History of The Shanley Building (1935)
Location: 7800 Maryland Avenue
Clayton, MO 63105
Source: Internet search

Harris Armstrong designed this office building which was commissioned by the orthodontist Dr. Leo M. Shanley.
The Shanley building was the first expression of the International style in this part of the country. Its design
won Armstrong a silver medal at the Paris Exposition of 1937, and it is still a building admired by many
architects. Dr. Shanley had been impressed by the modern house displayed at the Century of Progress Exhibition
in Chicago in 1933. While he didn’t want to live in such a structure, he saw its functional potential and
commissioned Armstrong to design his working space. Inspired by the designs of Le Corbusier and Neutra,
Armstrong created a building designed specifically to cope with the problems of the orthodontist.
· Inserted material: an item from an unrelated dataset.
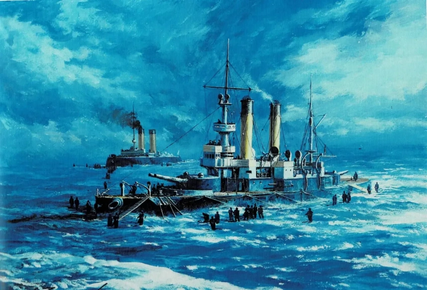 9. Эскадренный броненосец «Орел» 1905 г. Бумага, темпера, гуашь, 43х39, 2005 г.

He designed
the furniture, lamps, hardware, light fixtures, and fire tools as well as the structure itself. The building is
characteristic of the International Style, with its undecorated use of projecting and receding cubical masses
and its concrete and glass block. The building was renovated and somewhat altered recently, after it passed
from the ownership of Dr. Shanley’s son, also an orthodontist. It is listed on the National Register and has
received many other honors, but is endangered by the development of downtown Clayton.
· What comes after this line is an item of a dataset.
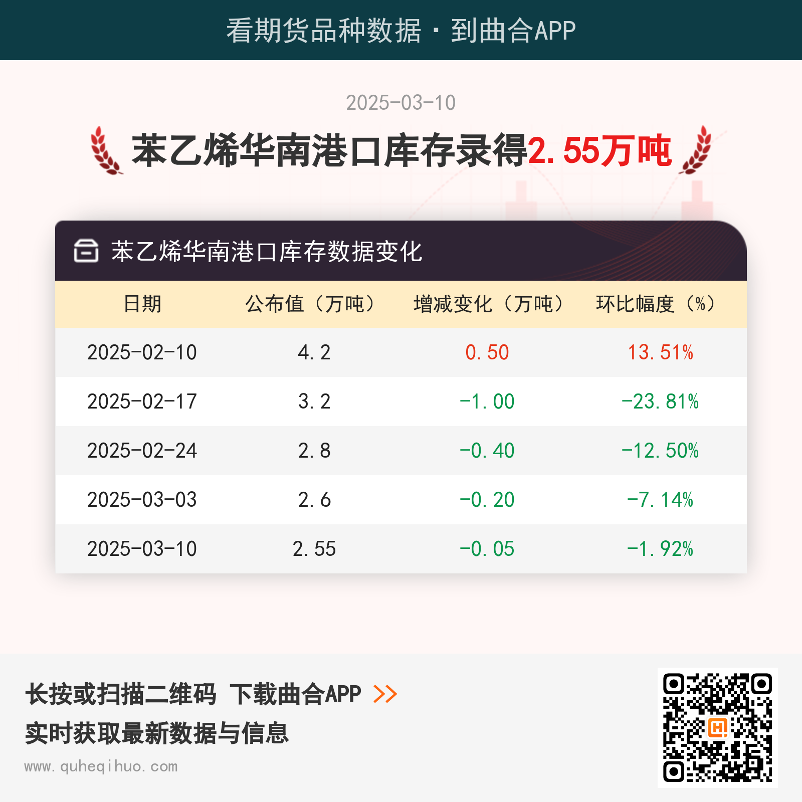 截止3月10日,苯乙烯华南港口库存数据录得 2.55万吨,较上一周减少0.05万吨,环比跌幅1.92%。

This dentist's office building is one of the earliest Modernist buildings in the St. Louis area. Finished in
stuccoed concrete, it strives to achieve a purity of forms -- absolute, unblemished geometric shapes,
overlapping and intertwining.
The building remains in use as office space today. Architect Harris Armstrong was one of the city's
greatest Modernist designers; several of his buildings still dot the cityscape.